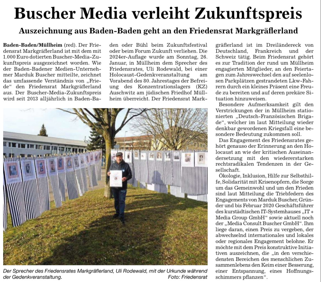 Der mit 1.000,- € dotierte 2024er „Buscher Media Zukunftspreis“ des Baden-Badener Medien-Unternehmers Dr. Marduk Buscher geht rückwirkend an den im südwestdeutschen Dreiländereck tätigen Friedensrat Markgräflerland.
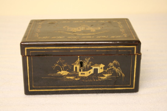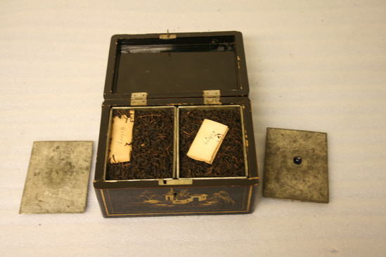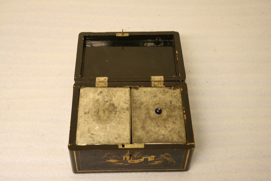 Wooden tea box, lacquered black on outside. Gold stencil design of Chinese buildings and of two men on top of lid. Hinged lid on top. Inside contains two tin containers for storing tea. Floral design punched into covers of tin containers.
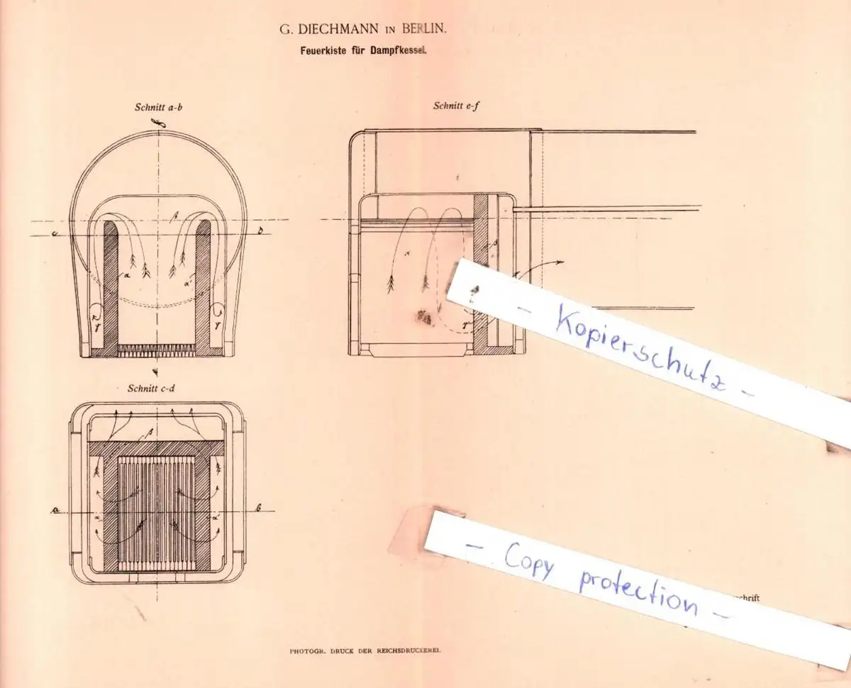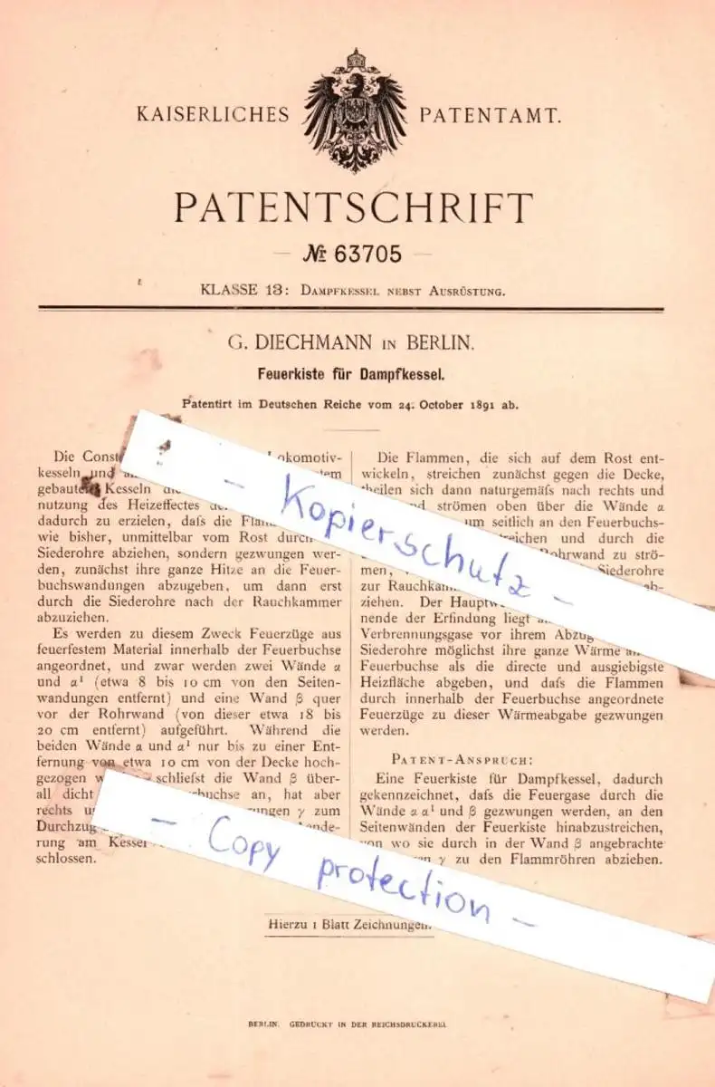 original Patent - G. Diechmann in Berlin , 1891 , Feuerkiste für Dampfkessel !!!
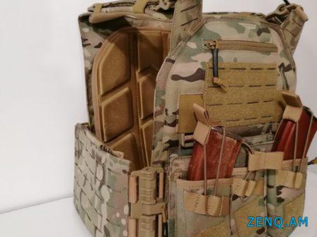 Զրահակիր (плитаноска)(առանց քարերի) , կտորը` 1000D նեյլոն, գույնը `մուլտիկամ, Moll համակարգ, արագ հանվող համակարգ, մեջը ամորտիզացիայով, 3 բաց մագազինի տեղով, կողքերին գրպաներ,դեմը փակվող գրպան, չափսը `կարգավորվող,
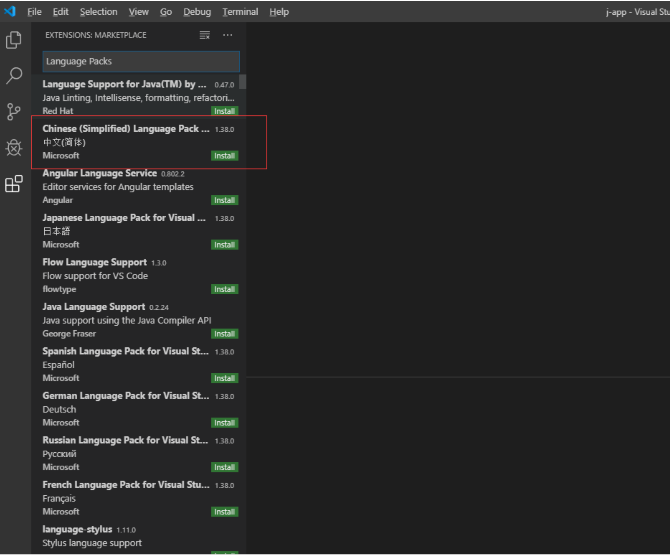 在左侧“扩展”视图文本框中输入“Language Packs”,点击你所需要的语言,这里我们安装的是中文简体,安装完成右下角弹出一个重启按钮,点击重启,语言自动切换
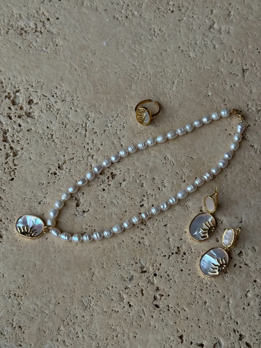 Кольє "Сонце" - це стильний та елегантний аксесуар, який ідеально підійде для будь-якого випадку. Воно виготовлене з міцних та довговічних матеріалів: річкових перлів, перламутру та позолоти.
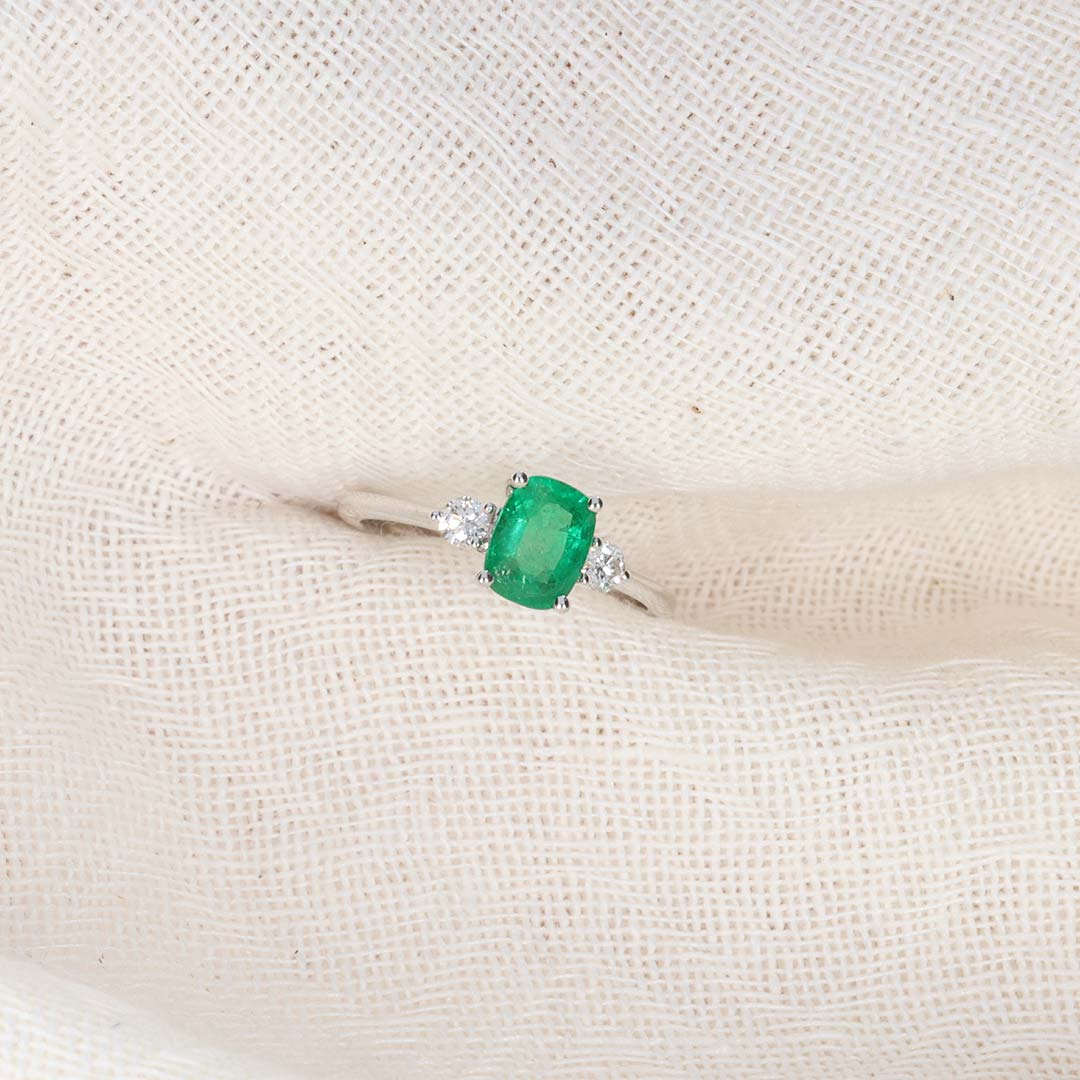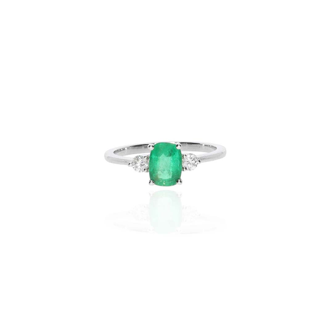 A rich green Emerald (approx. 0.92cts, 6.6 x 5.3mm) and Diamond (approx. 0.16cts, 2.7mm) three stone claw set ring made in 18ct white Gold, is timeless.

Exercise: Please transcribe all of the entries word for word, with the pictures left out.

Answer box:
 Der mit 1.000,- € dotierte 2024er „Buscher Media Zukunftspreis“ des Baden-Badener Medien-Unternehmers Dr. Marduk Buscher geht rückwirkend an den im südwestdeutschen Dreiländereck tätigen Friedensrat Markgräflerland.
 Wooden tea box, lacquered black on outside. Gold stencil design of Chinese buildings and of two men on top of lid. Hinged lid on top. Inside contains two tin containers for storing tea. Floral design punched into covers of tin containers.
 original Patent - G. Diechmann in Berlin , 1891 , Feuerkiste für Dampfkessel !!!
 Զրահակիր (плитаноска)(առանց քարերի) , կտորը` 1000D նեյլոն, գույնը `մուլտիկամ, Moll համակարգ, արագ հանվող համակարգ, մեջը ամորտիզացիայով, 3 բաց մագազինի տեղով, կողքերին գրպաներ,դեմը փակվող գրպան, չափսը `կարգավորվող,
 在左侧“扩展”视图文本框中输入“Language Packs”,点击你所需要的语言,这里我们安装的是中文简体,安装完成右下角弹出一个重启按钮,点击重启,语言自动切换
 Кольє "Сонце" - це стильний та елегантний аксесуар, який ідеально підійде для будь-якого випадку. Воно виготовлене з міцних та довговічних матеріалів: річкових перлів, перламутру та позолоти.
 A rich green Emerald (approx. 0.92cts, 6.6 x 5.3mm) and Diamond (approx. 0.16cts, 2.7mm) three stone claw set ring made in 18ct white Gold, is timeless.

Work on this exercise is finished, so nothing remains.